Thursday, November 27, 2008

A chronology of some of the biggest attacks in India in the past five years

Carnage in India attacks
Thursday November 27th, 2008
Groups of heavily armed men have attacked several high-profile hotels and restaurants in the Indian city of Mumbai, leaving at least 82 people dead and more than 250 injured.

Attackers were still holding hostages early on Thursday and engaged in a standoff with security forces at the Taj Mahal and Oberoi hotels.

Police said six attackers had been killed and nine others arrested hours after the attacks began on Wednesday night, but Vilasrao Deshmukh, the chief minister of Maharashtra state where Mumbai is located, said the situation was not yet under control.

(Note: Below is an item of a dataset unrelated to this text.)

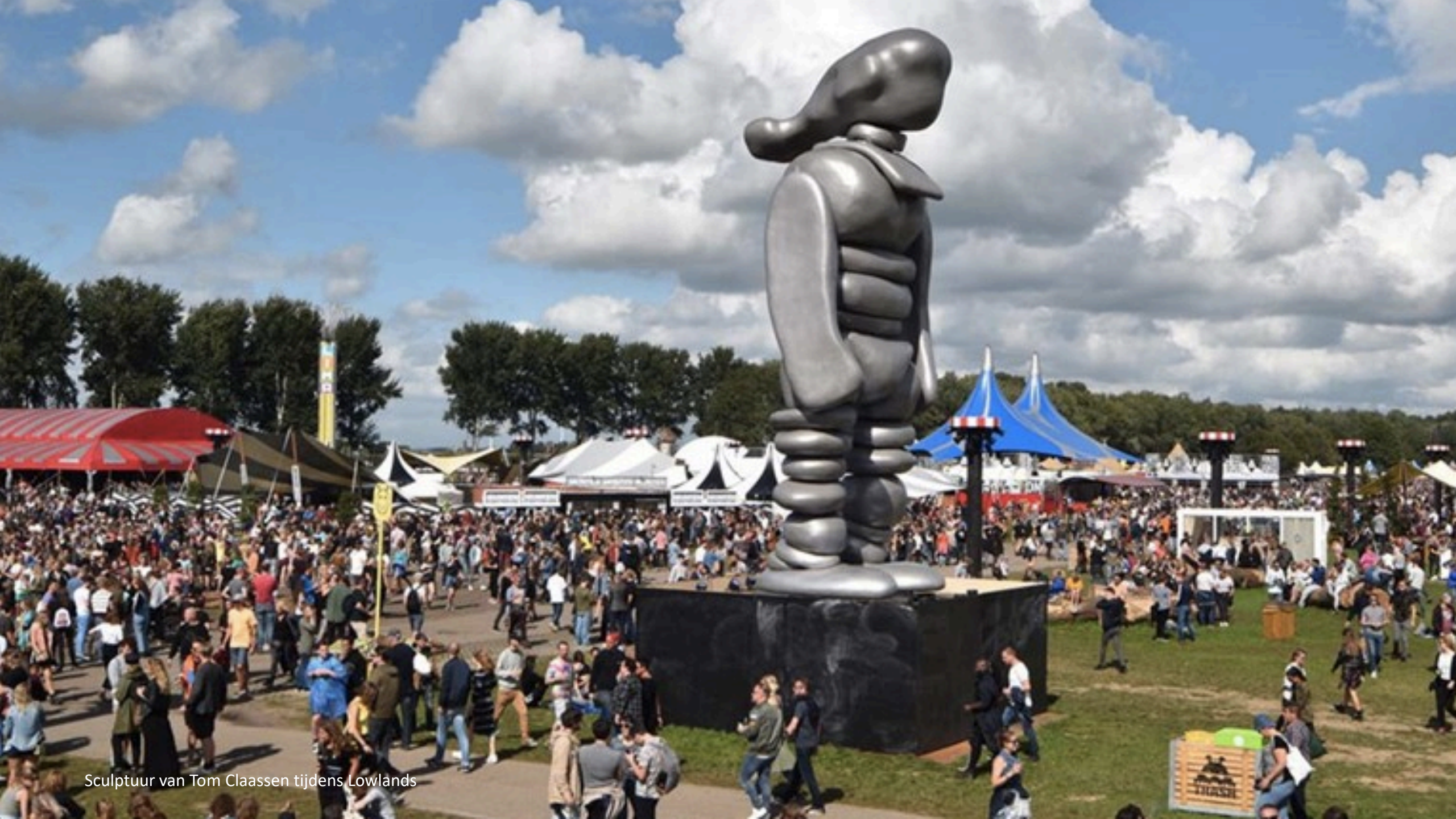
Sculptuur van Tom Claassen tijdens Lowlands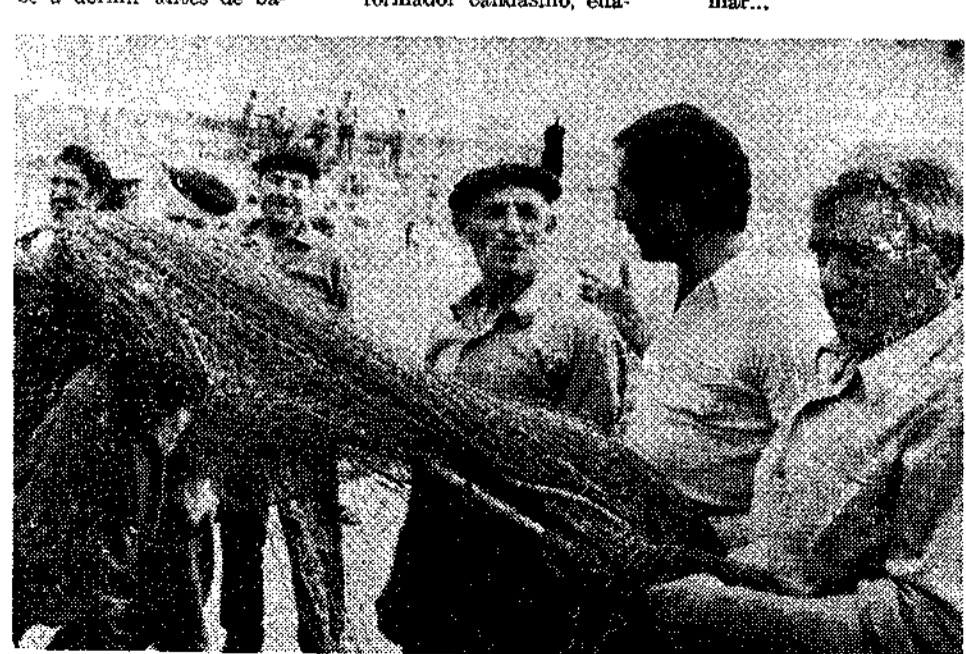
Los de las redes y el del capote

Army troops called in to support the police had begun moving into the two hotels and there were reports of gun battles.

Western hostages
Indian authorities said seven to 15 foreigners were thought to be held hostage at the Taj Mahal hotel, but it was not immediately clear if hostages at the Oberoi were Indians or foreigners, said Anees Ahmed, a senior state official.Witnesses at both hotels said the attackers singled out British and American citizens.

"They kept shouting: 'Who has US or UK passports?'" said Ashok Patel, a British citizen who fled from the Taj Mahal.
Several European legislators visiting Mumbai ahead of a European Union-India summit, were reportedly among people who had barricaded themselves inside the hotel.It was also unclear where the hostages were in the Taj Mahal, which is divided into an older wing, part of which was in flames, and a modern tower that was not on fire.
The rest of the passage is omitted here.